Но однажды прилетел голубь без ноги. Хотела было прогнать и его, но рука застыла в воздухе: я увидела его увечность. Голубь был странным: он смотрел на меня, абсолютно не пугаясь, даже когда я подошла вплотную. Ручной? Больной? Сумасшедший? Самоубийца? Может, среди голубей тоже такие бывают... Я вынесла ему крошек. Он ел чуть ли не с руки. А поев, ещё долго не улетал. Сидел, нахохлившись. Мне подумалось, что ему, наверное, некуда лететь. Может быть, потерял свою голубку, и теперь ему всё равно, что с ним будет. Когда-то в детстве слышала сентиментальный романс:

Стонет сизый голубочек,
стонет он и день и ночь.
Миленький его дружочек
улетел навеки прочь...




И как-то сами собой сложились стихи:
 

Голубь
 
Я еле отскребла балкон
от голубиного помёта,
отныне объявляя: вон! -
исчадьям клёкота и лёта.

 

Но вдруг, нарушив — мой- не мой --
стерильность обновлённых полок,
влетел нахально, как домой,
лохматый странноватый голубь.

 

Я налетела, как гроза,
руками замахав: «А ну, мол!»
А он глядел в мои глаза
и улетать совсем не думал.

 
Какого вам ещё рожна!
Но... что-то было в нём такое,
что я за крошками пошла,
насыпав щедрою рукою.

 

Он был калекой: без ноги.
С боков повыдернуты перья.
Он ел доверчиво с руки,
как будто знал меня издревле.

 

И вдруг всплыло, стуча в виски:
романс, как сизый голубочек
всё стонет, стонет от тоски,
что улетел его дружочек.

 

Я отзывалась на него
какой-то нотой одинокой
и понимала, как никто,
своей душою одноногой.





Видимо, раньше, в далёком прошлом, другое было отношение к голубям.
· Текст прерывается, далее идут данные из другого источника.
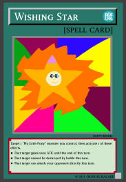 DOTV-EN041: Wishing Star Normal Spell Target 1 "My Little Pony" monster you control, then activate 1 of these effects. ● That target gains 1000 ATK until the end of this turn. ● That target cannot be destroyed by battle this turn. ● That target can attack your opponent directly this turn. Common |
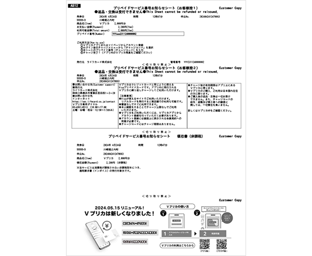 コンビニの端末などで発行されるチャージコードを使ってVプリカにチャージが可能です。
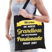 Katoenen cadeau tas voor dames. Geef je favoriete collega het perfecte afscheidscadeau met dehij stijlvolle cadeau tas! De tas in zwart/geel heeft de vrolijke tekst "Dit is hoe de meest Grandioze…
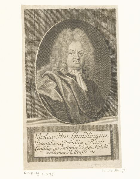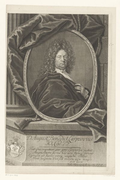 This engraving of Georg Albrecht Hamberger was created by Martin Bernigeroth in the late 17th or early 18th century. Bernigeroth worked during a time when portraiture was about more than just capturing a likeness; it was about constructing an image of social standing and intellectual prowess. Hamberger, a professor of mathematics, is depicted within an oval frame, a common way to present portraits of distinguished figures. His elaborate wig and draped clothing speak to his status and the conventions of academic portraiture. The inscription below the image further reinforces his identity as a scholar. It’s interesting to think about how Hamberger would have wanted to be seen, and how Bernigeroth’s artistic choices contributed to that image. The portrait captures not just an individual, but also the values and aspirations of a particular social class in a specific historical moment. It allows us to reflect on how identity is performed and preserved through art.
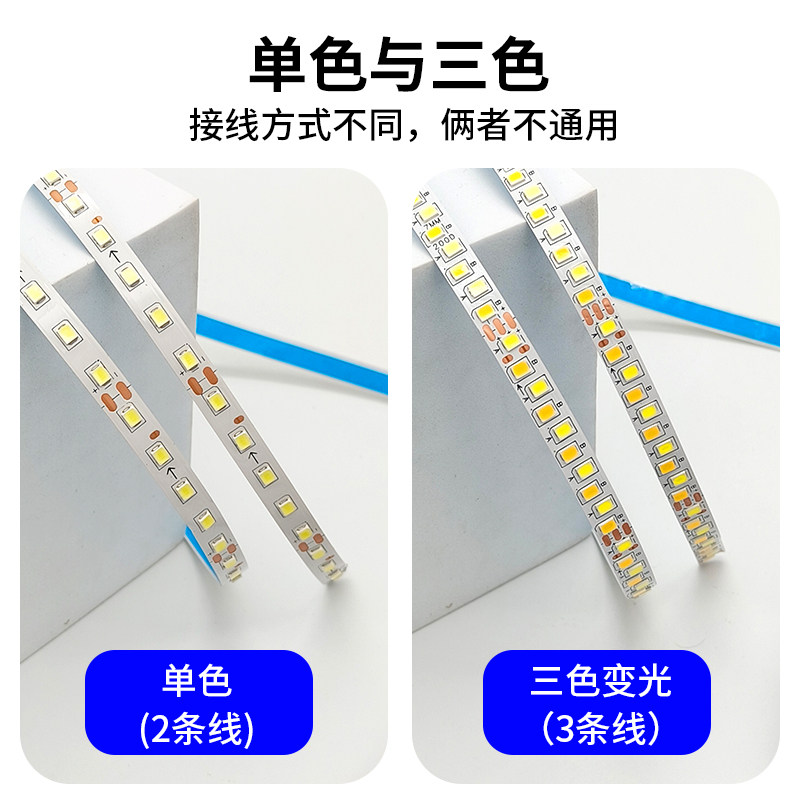 三色led变光软灯带恒流2835灯珠光源灯芯自粘吸顶灯维修替换光源
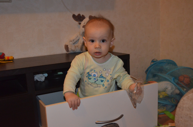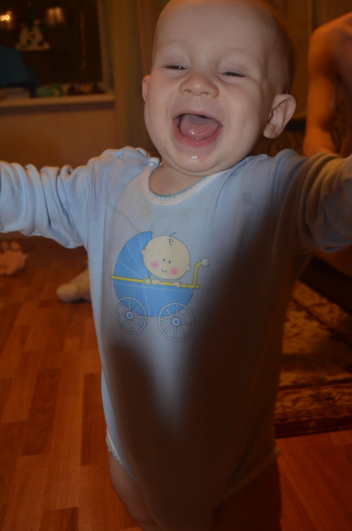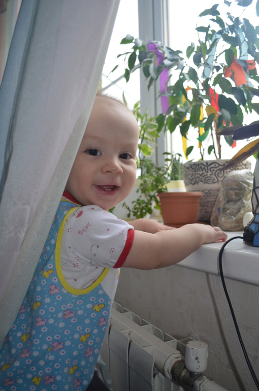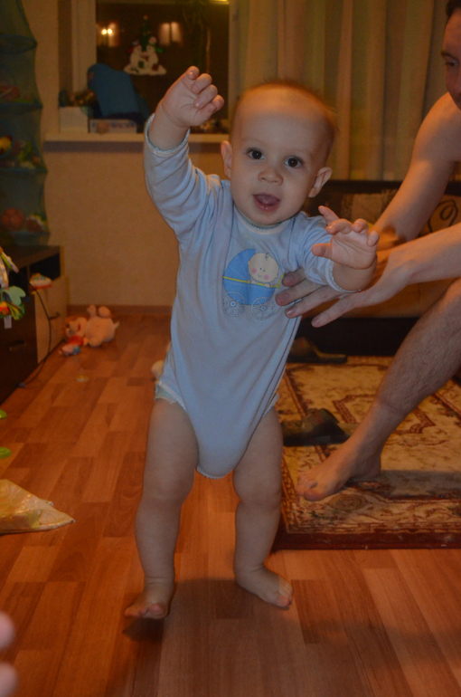 Рома все так же ползает.Ходить,поросенок,совсем не хочет.Ему быстрее доползти.Но от дивана до тумбочки ходит сам и от папы до мамы.Не знаю когда уже пойдет(((
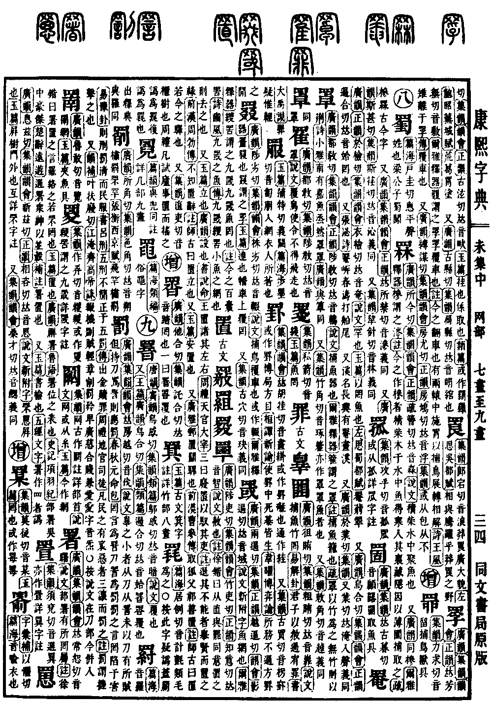 音辍。《说文》捕鸟覆车也。或作辍。《尔雅·释器》罿,罬也。罬谓之罦。《玉篇》连也。幡车上覆罔。 又《集韵》古穴切,音玦。义同。
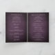 Elegant folded wedding program featuring a dark purple floral theme. The moody color palette is great for a fall wedding.
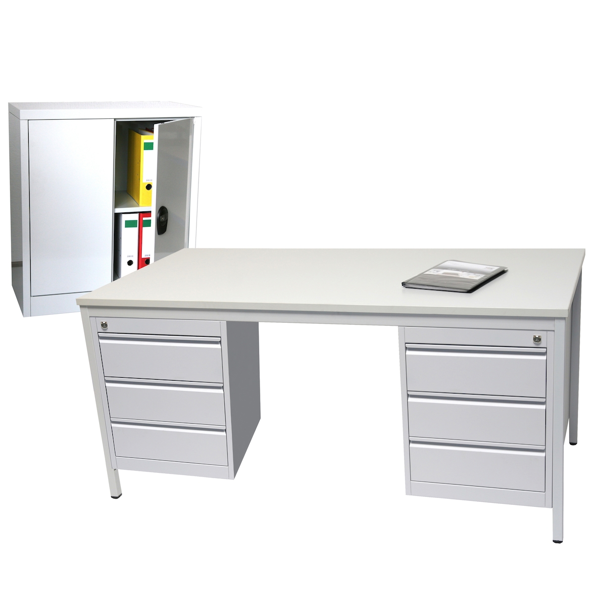 Szagato Schreibtisch Profi Office-Line SET 160x80cm, inkl. 2 x Unterbauschrank Professional 3 Schubladen inkl. Stahlschrank 90x80cm, lichtgrau

Не случайно самые ласковые слова и самые светлые понятия связаны у нас с их именем: голубчик, голубушка, голубое небо, голубизна... А однажды у меня была чуть ли не мистическая встреча с другим голубем. Я сидела на лавочке в сквере. Он подошёл ко мне близко-близко. Я бросила ему кусочек от вафельного стаканчика мороженого. Голубь даже не посмотрел в его сторону. И даже не взмахнул крыльями. Он смотрел мне прямо в глаза. Каким-то почти человечьим взглядом. Мне стало не по себе. Вспомнились сказки, когда зверь или птица вдруг начинали говорить человеческим голосом... Я встала, пошла по аллее, и мне казалось, что деревья вокруг как-то очень осмысленно шумят мне навстречу и вдогонку, словно повторяя дорогие незабвенные имена. Я шла с закрытыми глазами, и солнце так тепло касалось меня своими весенними лучами, и ветер так ласково теребил волосы, что это было слишком по-человечески для неодушевлённых материй. И на ходу складывались строчки:
 

Слишком ласковый и трепетный для ветра
мои волосы ласкал средь бела дня.
Слишком яркий, слишком солнечный для света
фотовспышкою преследовал меня,

словно где-то сохранить хотел навеки...
Мне казалось, это сказка или сон.
Я смежала и распахивала веки.
Кто-то был со мною рядом, невесом.

Странный голубь, отвергая хлеба ломоть,
так осмысленно в глаза мои глядел,
словно он меня навек хотел запомнить
для каких-то недоступных высших дел.

 

Ледников души растапливалась залежь,
и прощалась кем-то вечная вина.
Я одна отныне знала, только я лишь,
настоящие их знала имена...




Лучшее, что читала о любви


 
 
 
 
 

17 июня 2011

День рождения Юрия Нагибина.


У Нагибина в "Рассказе синего лягушонка" есть пронзительное место. Он пишет там о своём новом рождении после смерти в облике лягушонка, с которым "случилось самое худшее из всего, что могло принести новое существование": он стал лягушкой с человечьей памятью и тоской.  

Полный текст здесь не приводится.